While an effort to determine what role Disney and its myriad related companies played in 2011 is ongoing, a check of the two legislators representing Vero Beach showed that Disney doles out a lot of campaign cash. Florida election law caps donations at $500, but by giving from numerous subsidiary companies including Disney Vacation Development Inc., the company can, legally, channel more funds to legislators.
In the 2010 and 2012 campaign cycles, Mayfield received $5,500 from Disney companies and Negron received $4,500. Mayfield and Negron also received a total of $1,250 from the law firm of Lewis Longman & Walker, the employer of lobbyist Killinger.
The two who spearheaded the bill also reaped financial rewards. Horner took nearly $11,000 from Disney companies and $2,250 from Killinger’s law firm. Sen. Greg Evers, who took up the bill in the Senate, received $3,000 from Disney companies and $500 from Lewis Longman & Walker in the 2012 election cycle.

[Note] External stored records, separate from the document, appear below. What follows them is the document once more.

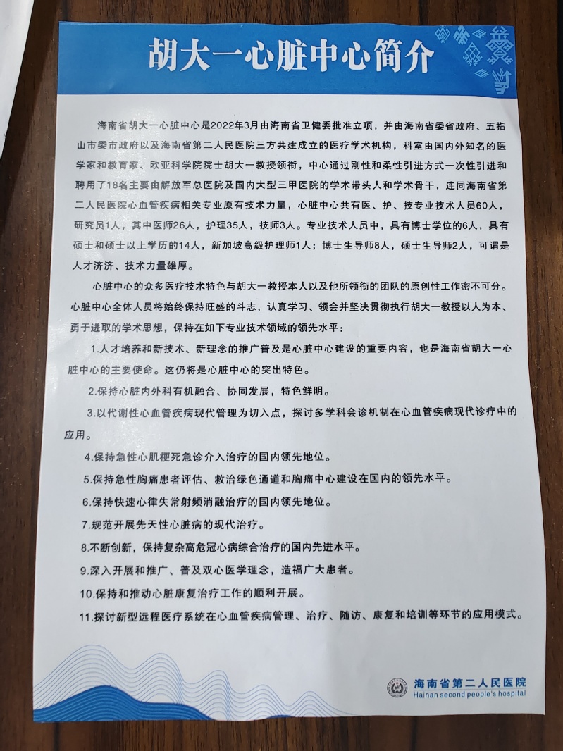 2021年,我院顺利通过国家胸痛中心认证并授牌,是五指山市卒中防治中心、高危孕产妇救治中心、高危新生儿救治中心。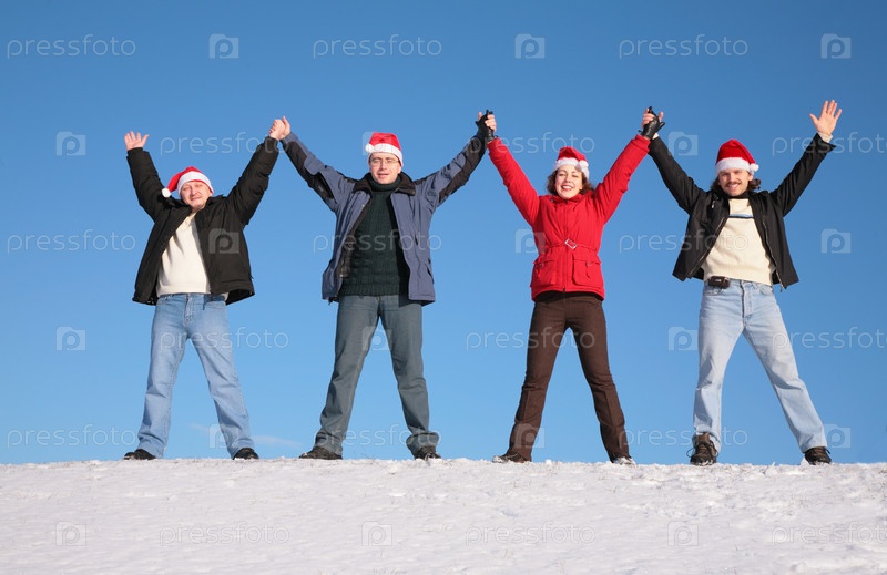 Четверо друзей на вершине холма с поднятыми вверх руками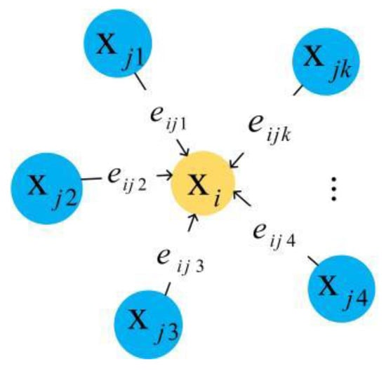 We establish the KNN topology as shown in Figure 2. The graph  represents a point  and its  neighboring points , where , , and . As a directed graph of the local point cloud structure, we define the edge feature as , where  is a nonlinear function with learning parameter  and  is the number of dimensions of the edge features. The K edge features are aggregated into  (i.e., accumulation or maximization) to obtain the output  corresponding to , which is defined as Formula (1).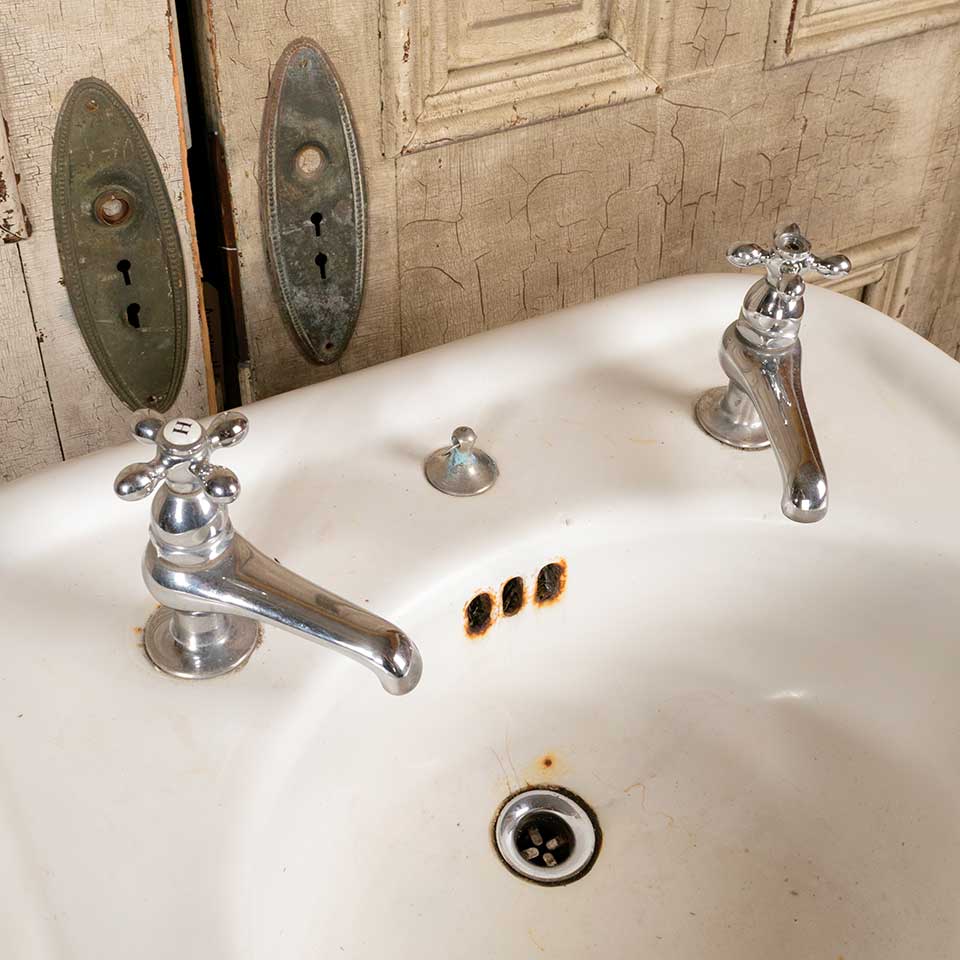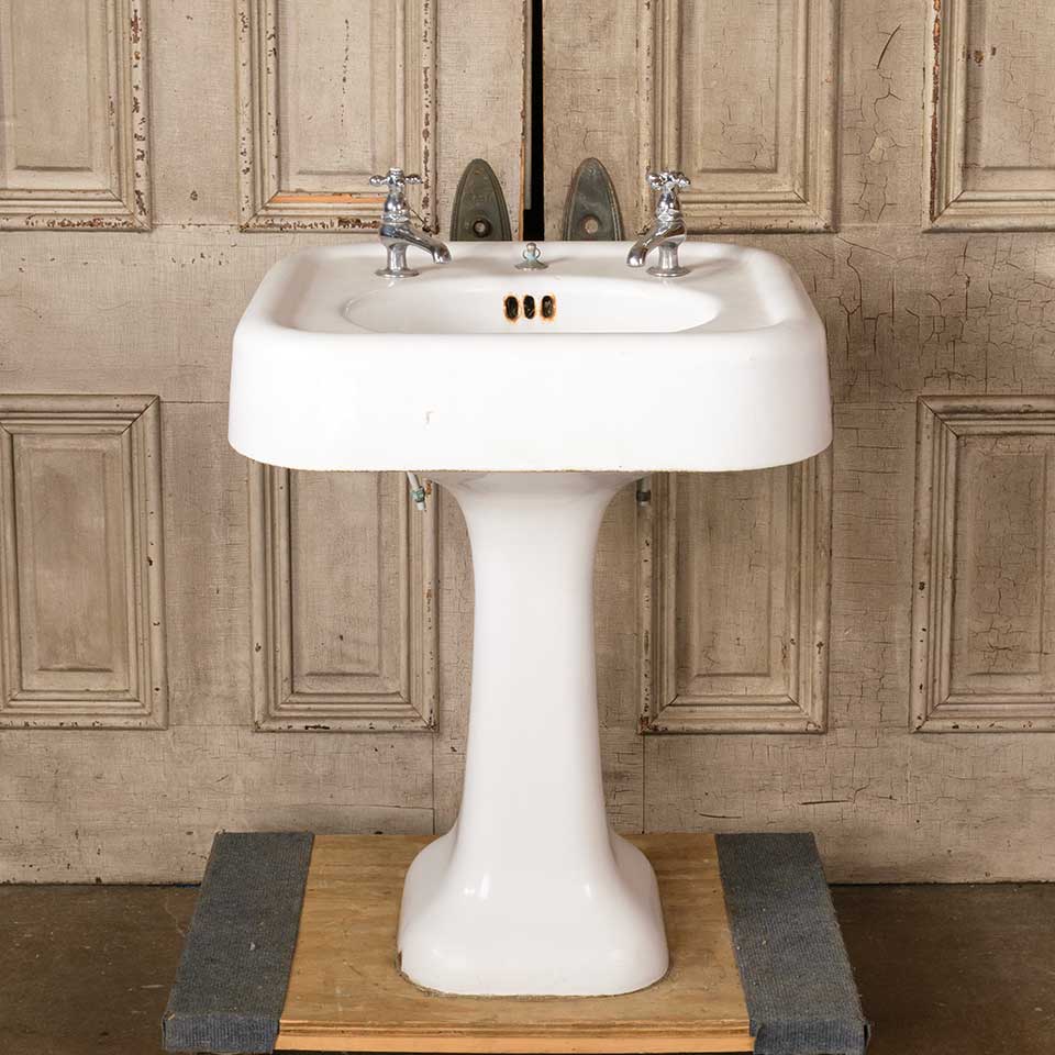 Architectural salvage antique cast iron porcelain enameled bathroom pedestal sink measuring approx. 23 1/2" wide x 30 1/8" tall x 20 1/4" front to back. See photos to evaluate condition.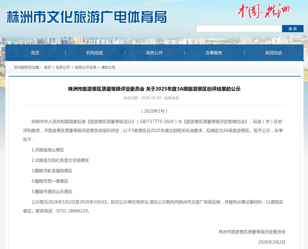 株洲市旅游景区质量等级评定委员会2025年度创评结果公示圆满结束,正式确定炎陵县湘山景区和炎陵县万阳红茶旅文化园景区为国家3A级旅游景区。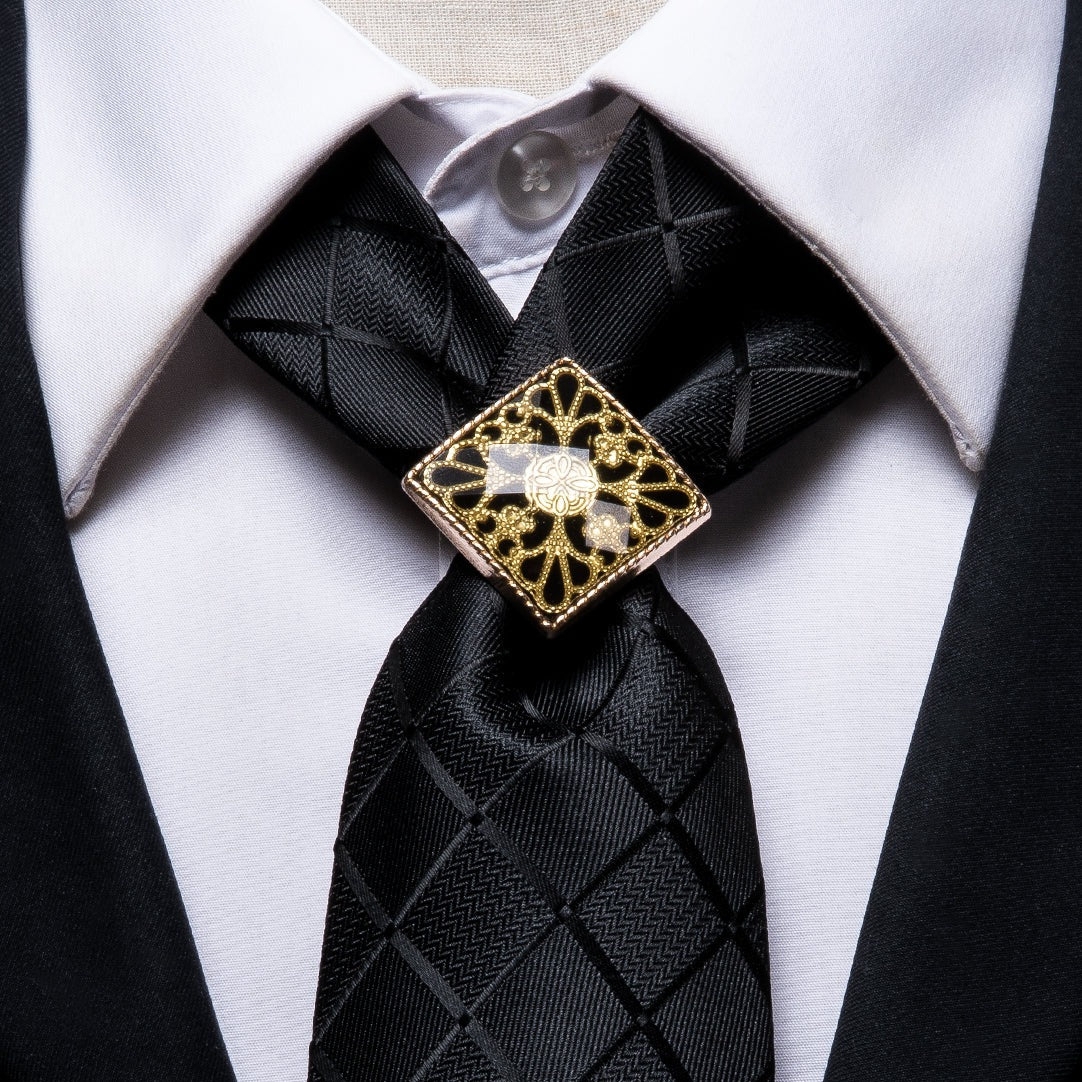 Classic Black Floral Silk Men's Tie Hanky Cufflinks Set with Brooch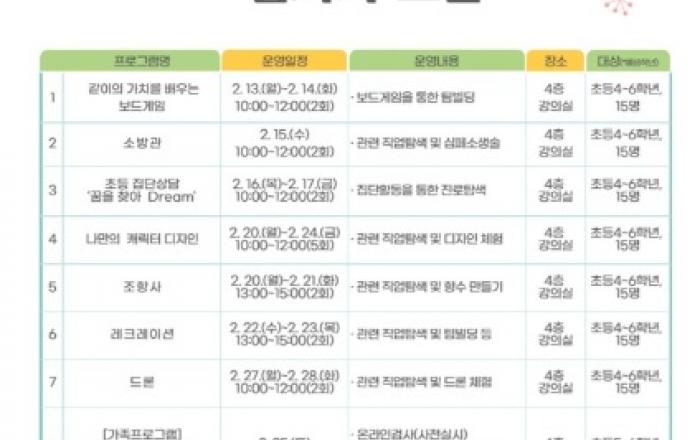 인천 미추홀구(구청장 이영훈)는 오는 2월 방학을 맞아 초등 연령 청소년과 가족이 참여할 수 있는 다양한 진로 프로그램을 운영한다.이번 청소년 대상 프로그램은 인성 보드게임, 나만의 캐릭터디자인, 조향사, 드론, 집단상담 등이 있으며 가족 대상 프로그램으로는 부모 자녀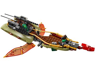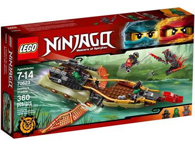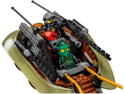 Fight the Vermillion for control of the Pause Time Blade with Lloyd and Cole aboard Destiny’s Shadow. This convertible boat/flyer features flip-out wings for flight mode, two stud shooters, plus two detachable canoes and two oars. Dial up the ninja vs. Vermillion conflict with Vermin’s V-shaped hoverboard and Vermillion axe. Includes three minifigures. Build the Ninja’s swamp vehicle Destiny’s Shadow that both sails and flies, with stud shooters, flip out wings for flight mode, and two detachable canoes. Includes three minifigures: Lloyd, Cole, and Vermin, plus two katanas and Vermin’s vermillion axe.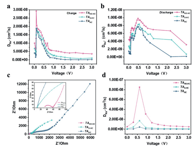 Figure 4.  Electrochemical analysis of TAs: (a) Ion diffusion coefficient during discharging calculated based on GITT. (b) Ion diffusion coefficient during charging process. (c) EIS. (d) Ion diffusion coefficient calculated based on EIS.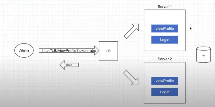 客户端可以使用令牌并向 Web 服务器发送请求。此 Web 服务器将请求连同令牌一起发送到任意后端服务器,而每个后端服务器都能提供相同的所需结果。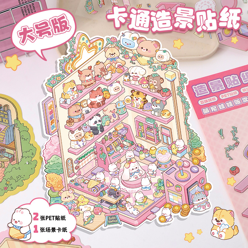 38.0艺蓝造景贴纸可爱3D立体微缩场景拼贴大号叠堆手帐解压贴画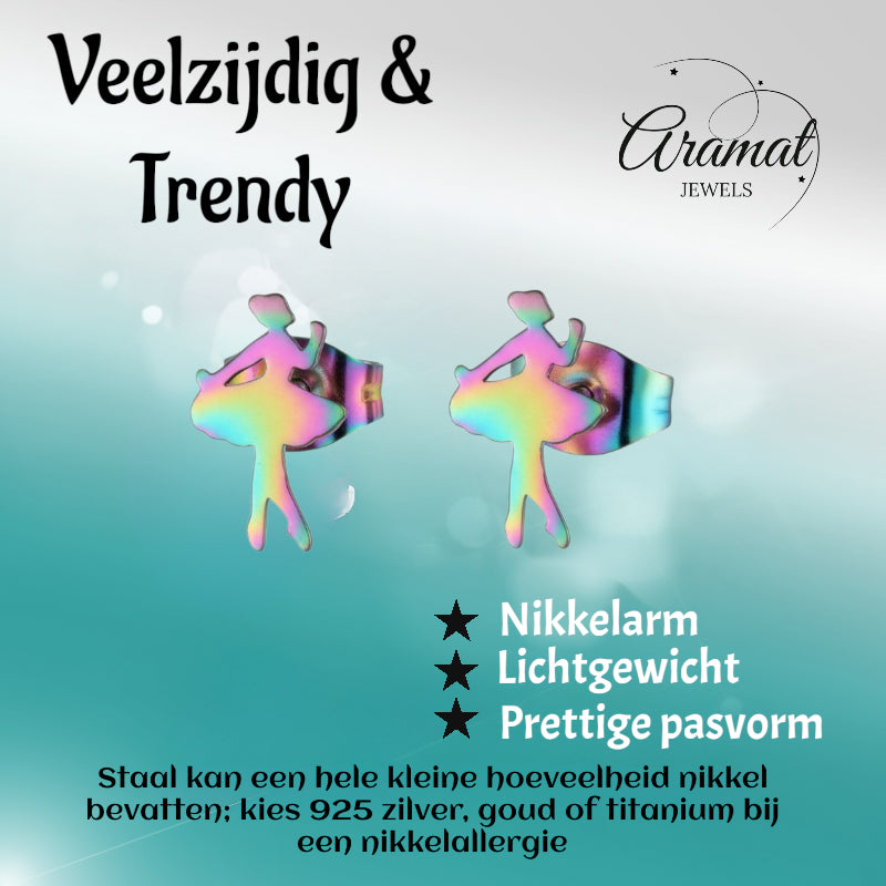 Boucles d'oreilles ballerines en acier inoxydable 12x7mm multicolores - Puces d'oreilles danseuse de ballet

Neither Disney nor Lewis Longman showed any interest in Evers’ rural Santa Rosa County district in 2010 before the vacation rental issue ramped up.
The Orlando Sentinel reported that Disney poured $2.5 million into the 2012 election cycle and that Horner was also Disney's point-man on efforts to block the approval of casino gambling in South Florida.
Disney companies have 32 lobbyists on retainer, creating a tangled web of other campaign contributions nearly impossible to track. Lewis Longman & Walker employs Killinger plus two others.
The League of Cities, on the other hand, employs five staff lobbyists plus two outside lobbyists to track more than 1,500 pieces of legislation per year, but the League lacks a powerful tool to make things happen in Tallahassee.
“We do not make campaign contributions,” Cook said.
Without the power to influence with cash, the cities will need grassroots mobilizing – letters, emails, phone calls and visits from constituents and from elected officials who are steamed about the current state of the vacation rental law.
Killinger said she’s still on retainer with the Florida Vacation Rental Managers Association and that she’ll be back to battle the League of Cities and to keep the power to regulate vacation rentals where she and her client think it belongs – with the state of Florida.
“The big goal is to ensure that the pre-emption stays intact,” Killinger said.